### SOURCE DATA

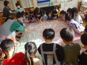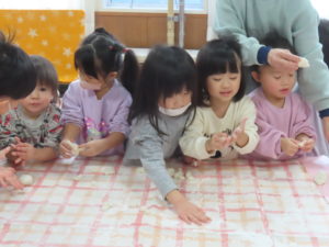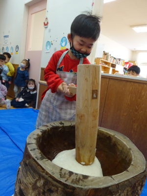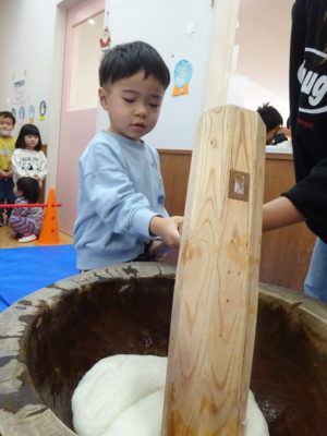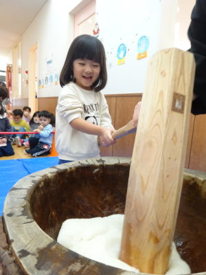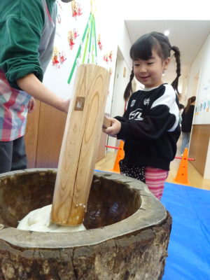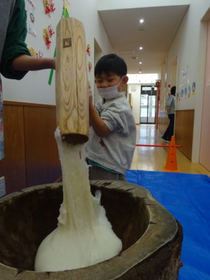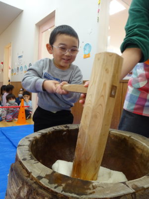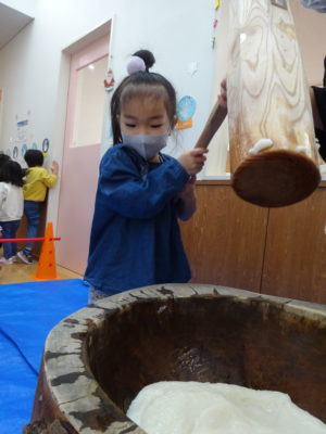 その後は1人ずつおもちをぺったん、ぺったん…少し重たいけれど、力いっぱい頑張りました☆
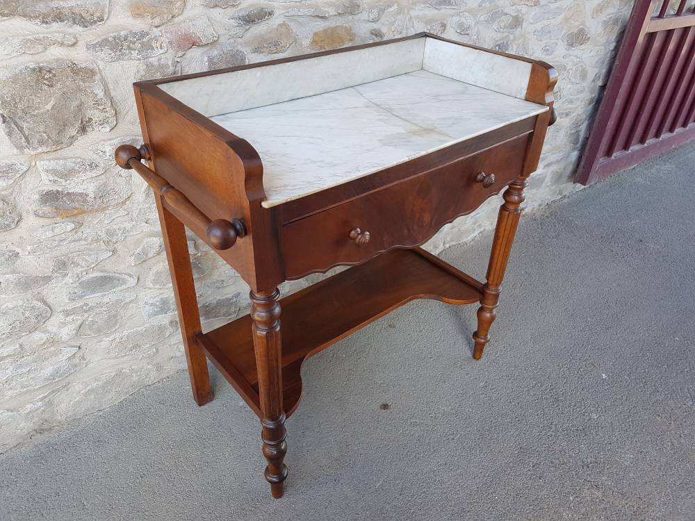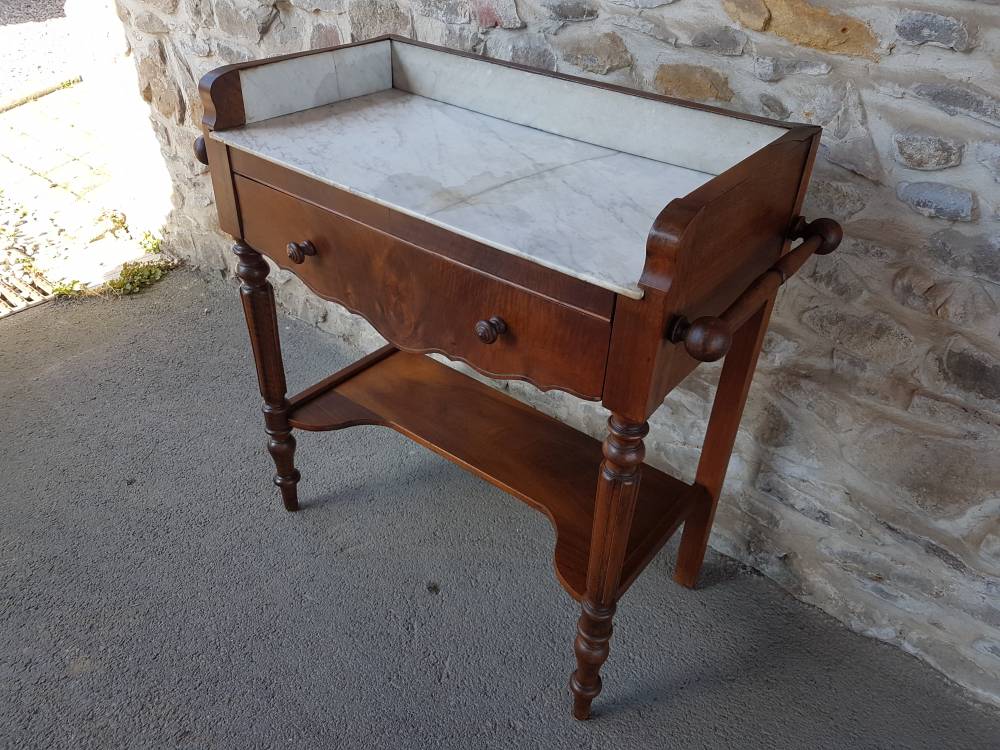 ancienne petite coiffeuse de style louis philippe, le marbre est fissuré
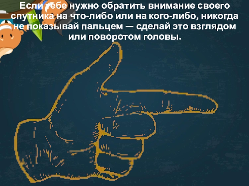 кого-либо, никогда не показывай пальцем — сделай это взглядом или поворотом головы.
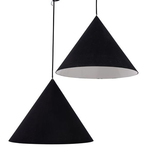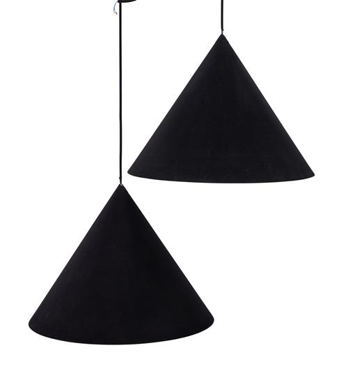 Conical metal shade covered in black velvet including the wire and ceiling caps. White internally.
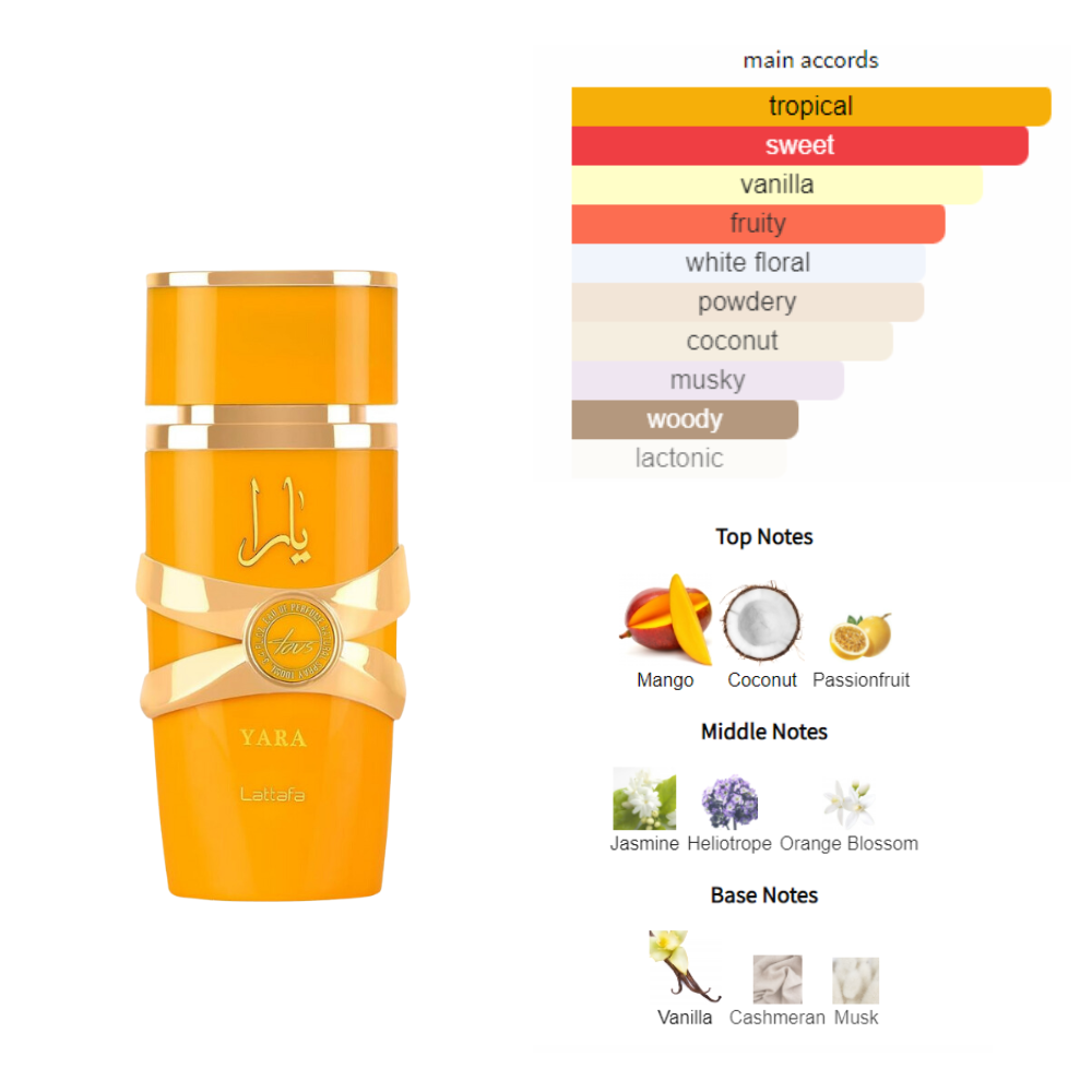 Yara Tous by Lattafa Perfumes is a fragrance for women. This is a new fragrance. Yara Tous was launched in 2023. Top notes are Mango, Coconut and Passionfruit; middle notes are Jasmine, Heliotrope and Orange Blossom; base notes are Vanilla, Musk and Cashmeran.
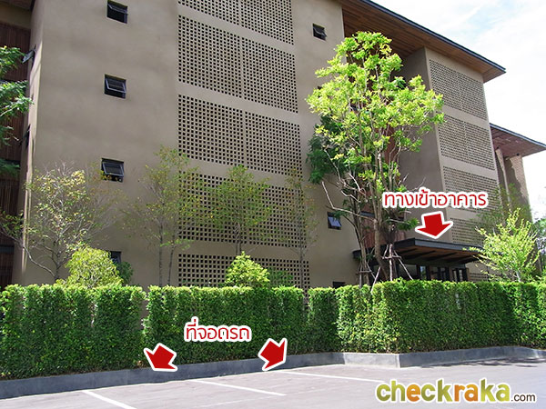 ด้านทางเข้าอาคารเป็นที่จอดรถ
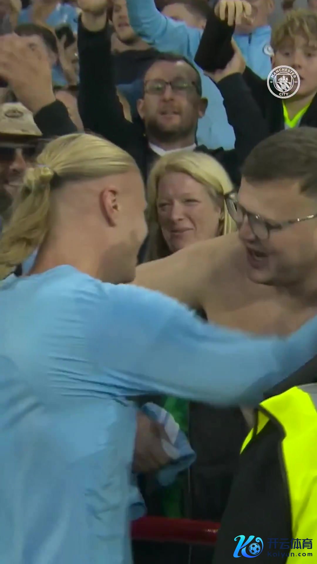 曼城官方社媒晒出视频,哈兰德赛后将球衣拯救给又名球迷,后者与哈兰德拥抱,并亲吻了他的面颊。
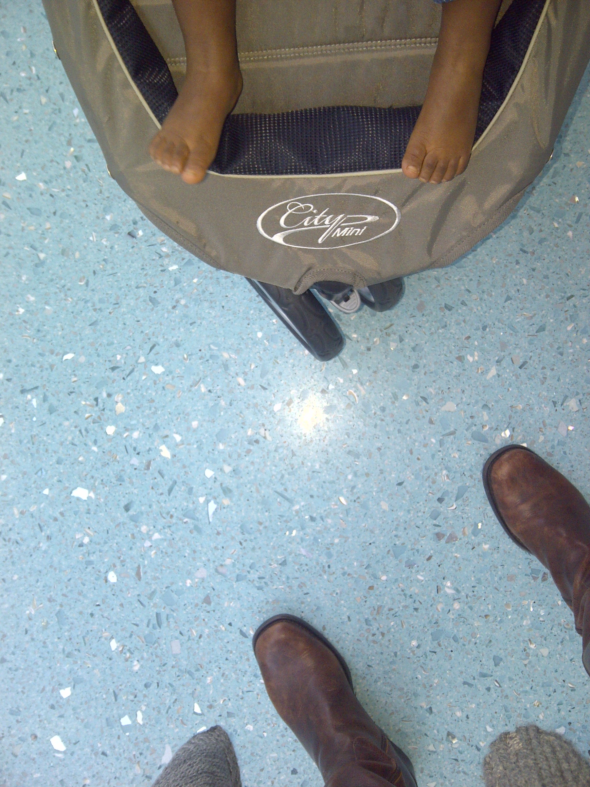 In the terminal before the flight, I decided it would be a good idea to feed GP.  Now, she has these great food pouches that travel well and she can feed herself with ease. Lately, she has been extremely fickle about having them though.  One minute she loves them the next she has thrown the entire pouch in a mini fit of rage.
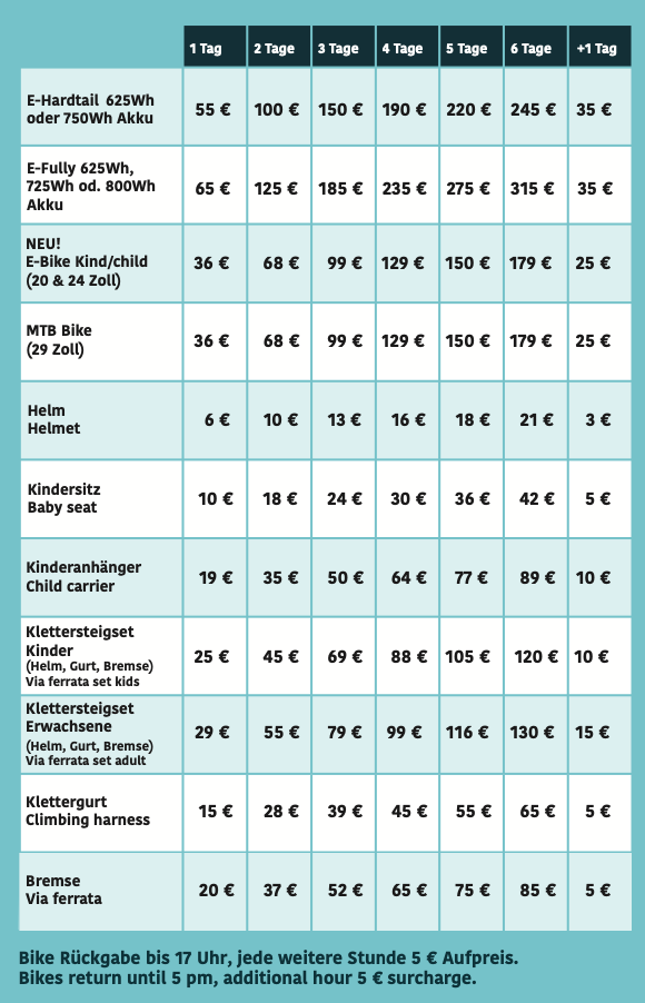 Wir statten euch mit der neuesten Qualitätsausrüstung aus. In unserem Ski- und E-Bike Verleih findet ihr nur Top-Marken wie Dynafit, Apache, Mammut, … Mit bestem Equipment machen Bergtouren doppelt Spaß!
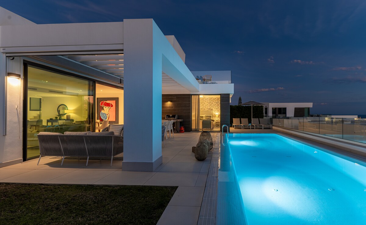 Villa Carla – Heated Pool & Sea Views in Cabopino, Marbella Discover Villa Carla, a stylish 4-bedroom villa just 700m from the beach. Enjoy a heated private pool, panoramic sea views, designer interiors, open-plan living, south-facing terraces with BBQ, underfloor heating, A/C, and fast WiFi. Located in a secure gated community near Marbella and Fuengirola, with top golf courses nearby. Ideal for families, remote workers, or luxury getaways on the Costa del Sol.
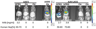 AAV-LK03 is selective for human hepatocytes in vivo. The newly engineered AAV chimera (AAV-LK03) selectively transduced human hepatocytes (in humanized FRG animals – hFRG) but not in non-humanized controls (Ctr). Conversely, the AAV3 vector did not transduce either type of mouse and the AAV8 vector was not specific for human hepatocytes (as shown by transduction of the Ctr mouse). Human albumin (hAlb) levels and estimated percentages of repopulation with human hepatocytes are given for each animal.

######

ACTIVITY:
From the records above, give again only the part that opens with the line containing "In the terminal" and closes with the line containing "Wir statten euch". Keep both ends but drop the pictures.

EXERCISE OUTPUT:
 In the terminal before the flight, I decided it would be a good idea to feed GP.  Now, she has these great food pouches that travel well and she can feed herself with ease. Lately, she has been extremely fickle about having them though.  One minute she loves them the next she has thrown the entire pouch in a mini fit of rage.
 Wir statten euch mit der neuesten Qualitätsausrüstung aus. In unserem Ski- und E-Bike Verleih findet ihr nur Top-Marken wie Dynafit, Apache, Mammut, … Mit bestem Equipment machen Bergtouren doppelt Spaß!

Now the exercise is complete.